■ WORK TO COMPLETE:
Word-for-word transcription: reproduce all of the data, but not the pictures.
[[ AVAILABLE RECORDS, beginning ]]
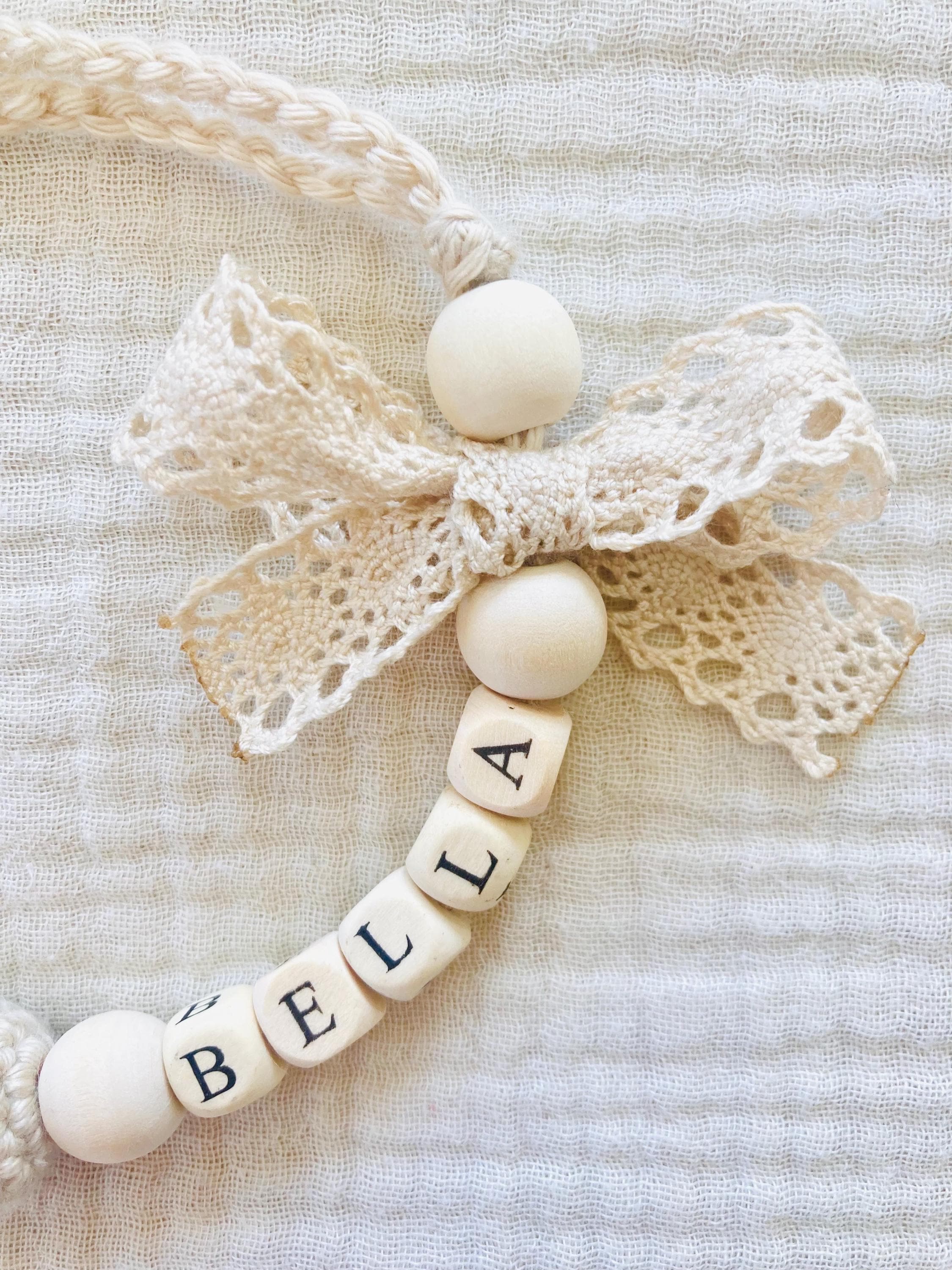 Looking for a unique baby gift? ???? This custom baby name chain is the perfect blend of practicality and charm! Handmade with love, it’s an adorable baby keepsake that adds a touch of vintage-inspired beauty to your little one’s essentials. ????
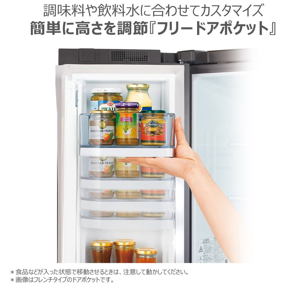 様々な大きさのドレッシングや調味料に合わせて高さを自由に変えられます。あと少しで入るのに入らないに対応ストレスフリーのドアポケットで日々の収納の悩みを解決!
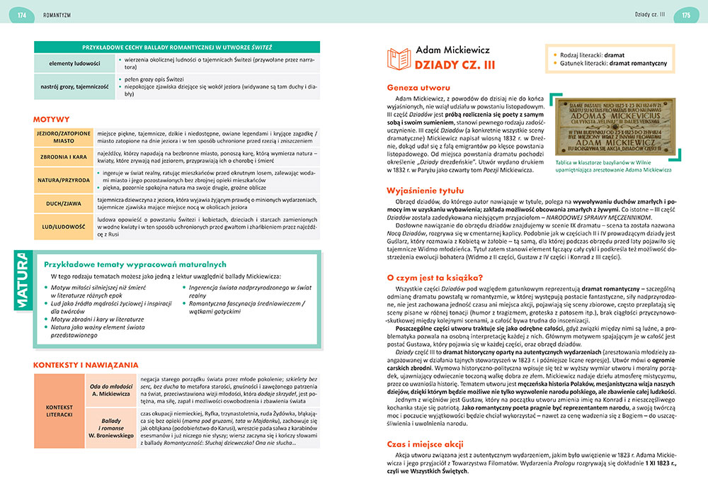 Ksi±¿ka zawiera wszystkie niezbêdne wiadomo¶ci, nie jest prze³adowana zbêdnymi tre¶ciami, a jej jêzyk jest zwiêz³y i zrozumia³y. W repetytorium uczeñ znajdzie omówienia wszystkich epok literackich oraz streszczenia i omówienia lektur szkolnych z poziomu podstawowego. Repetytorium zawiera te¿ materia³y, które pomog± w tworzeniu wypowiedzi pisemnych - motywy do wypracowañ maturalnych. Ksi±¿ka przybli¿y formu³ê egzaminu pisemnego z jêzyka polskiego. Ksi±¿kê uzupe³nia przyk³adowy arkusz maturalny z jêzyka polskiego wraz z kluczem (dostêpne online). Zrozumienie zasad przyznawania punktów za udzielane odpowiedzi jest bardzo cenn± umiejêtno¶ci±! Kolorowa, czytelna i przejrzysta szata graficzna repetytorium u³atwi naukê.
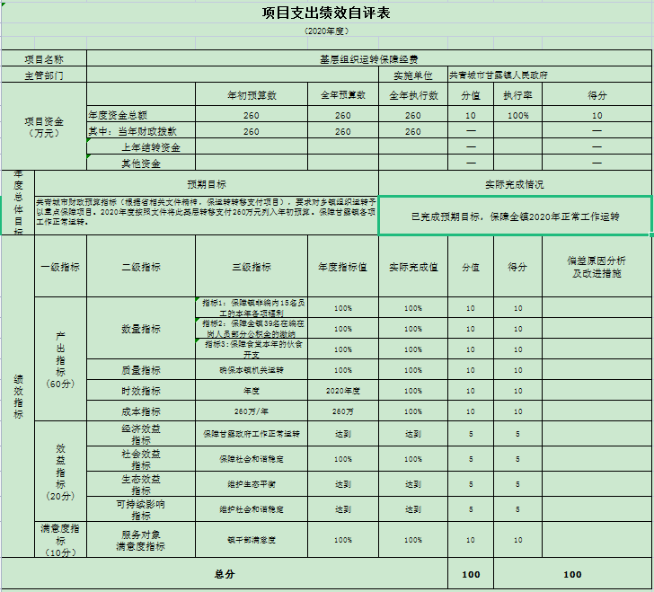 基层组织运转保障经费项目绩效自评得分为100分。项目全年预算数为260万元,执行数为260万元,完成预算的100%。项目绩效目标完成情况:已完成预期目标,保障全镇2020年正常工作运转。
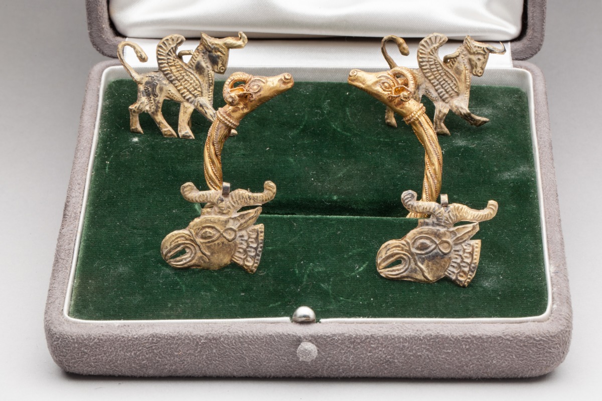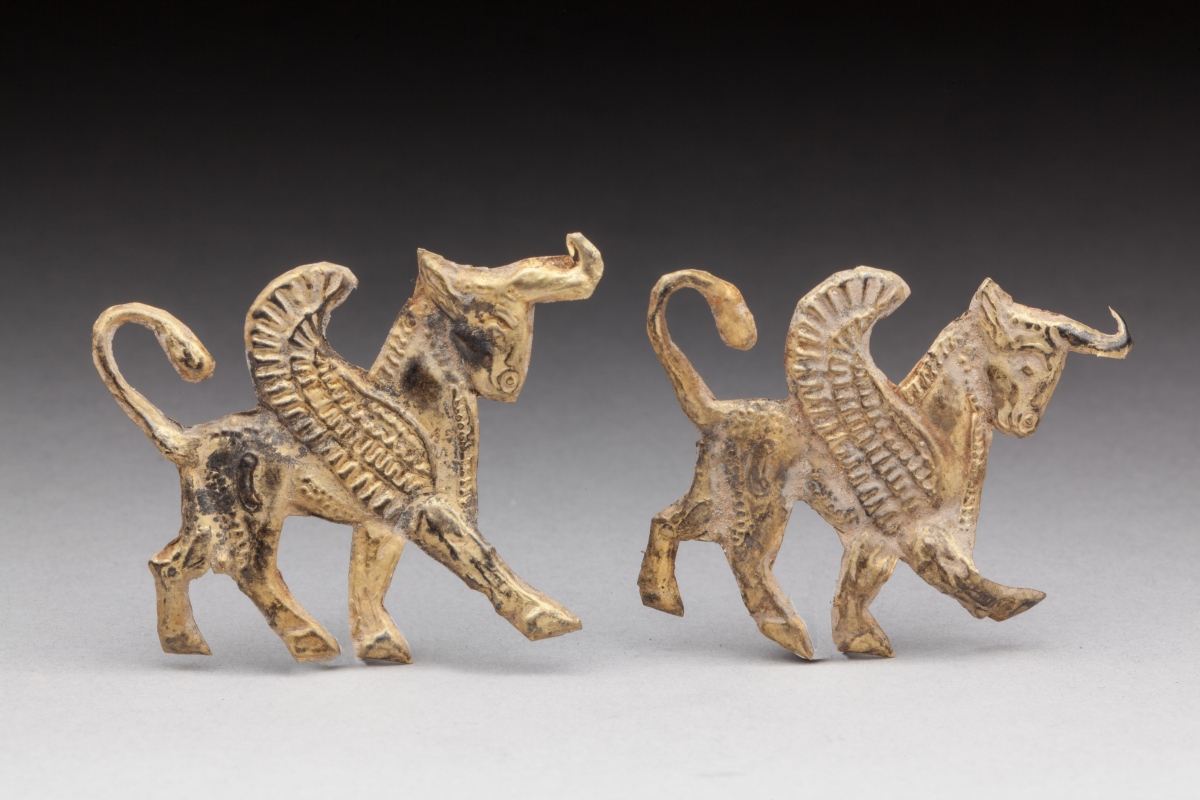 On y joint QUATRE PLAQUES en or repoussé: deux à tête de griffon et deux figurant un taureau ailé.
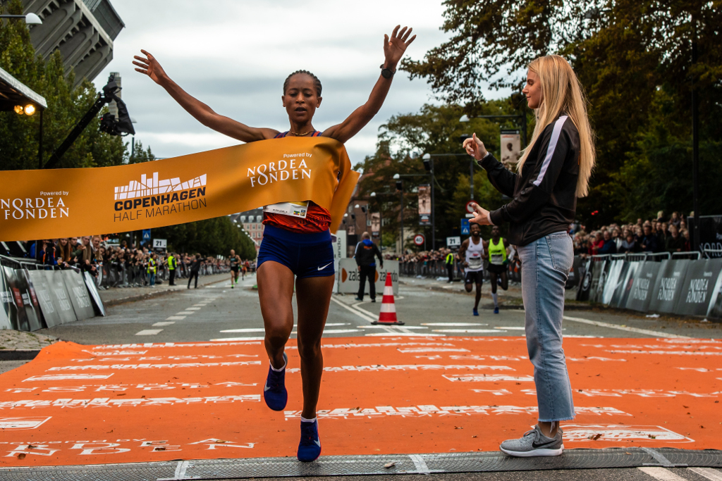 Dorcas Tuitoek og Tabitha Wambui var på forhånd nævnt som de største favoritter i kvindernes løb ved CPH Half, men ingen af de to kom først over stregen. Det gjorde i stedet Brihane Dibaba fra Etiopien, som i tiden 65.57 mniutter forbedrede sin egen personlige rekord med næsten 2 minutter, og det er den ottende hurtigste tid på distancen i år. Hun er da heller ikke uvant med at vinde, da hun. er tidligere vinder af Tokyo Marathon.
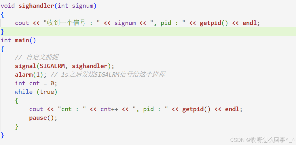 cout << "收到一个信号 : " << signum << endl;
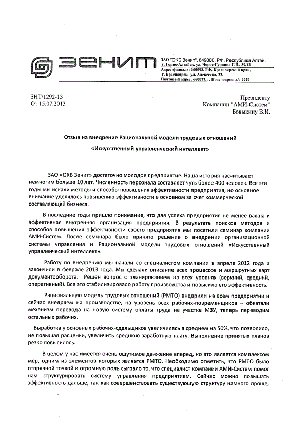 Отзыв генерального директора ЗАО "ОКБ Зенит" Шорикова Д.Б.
[[ AVAILABLE RECORDS, end ]]
■ WORKED SOLUTION:
 Looking for a unique baby gift? ???? This custom baby name chain is the perfect blend of practicality and charm! Handmade with love, it’s an adorable baby keepsake that adds a touch of vintage-inspired beauty to your little one’s essentials. ????
 様々な大きさのドレッシングや調味料に合わせて高さを自由に変えられます。あと少しで入るのに入らないに対応ストレスフリーのドアポケットで日々の収納の悩みを解決!
 Ksi±¿ka zawiera wszystkie niezbêdne wiadomo¶ci, nie jest prze³adowana zbêdnymi tre¶ciami, a jej jêzyk jest zwiêz³y i zrozumia³y. W repetytorium uczeñ znajdzie omówienia wszystkich epok literackich oraz streszczenia i omówienia lektur szkolnych z poziomu podstawowego. Repetytorium zawiera te¿ materia³y, które pomog± w tworzeniu wypowiedzi pisemnych - motywy do wypracowañ maturalnych. Ksi±¿ka przybli¿y formu³ê egzaminu pisemnego z jêzyka polskiego. Ksi±¿kê uzupe³nia przyk³adowy arkusz maturalny z jêzyka polskiego wraz z kluczem (dostêpne online). Zrozumienie zasad przyznawania punktów za udzielane odpowiedzi jest bardzo cenn± umiejêtno¶ci±! Kolorowa, czytelna i przejrzysta szata graficzna repetytorium u³atwi naukê.
 基层组织运转保障经费项目绩效自评得分为100分。项目全年预算数为260万元,执行数为260万元,完成预算的100%。项目绩效目标完成情况:已完成预期目标,保障全镇2020年正常工作运转。
 On y joint QUATRE PLAQUES en or repoussé: deux à tête de griffon et deux figurant un taureau ailé.
 Dorcas Tuitoek og Tabitha Wambui var på forhånd nævnt som de største favoritter i kvindernes løb ved CPH Half, men ingen af de to kom først over stregen. Det gjorde i stedet Brihane Dibaba fra Etiopien, som i tiden 65.57 mniutter forbedrede sin egen personlige rekord med næsten 2 minutter, og det er den ottende hurtigste tid på distancen i år. Hun er da heller ikke uvant med at vinde, da hun. er tidligere vinder af Tokyo Marathon.
 cout << "收到一个信号 : " << signum << endl;
 Отзыв генерального директора ЗАО "ОКБ Зенит" Шорикова Д.Б.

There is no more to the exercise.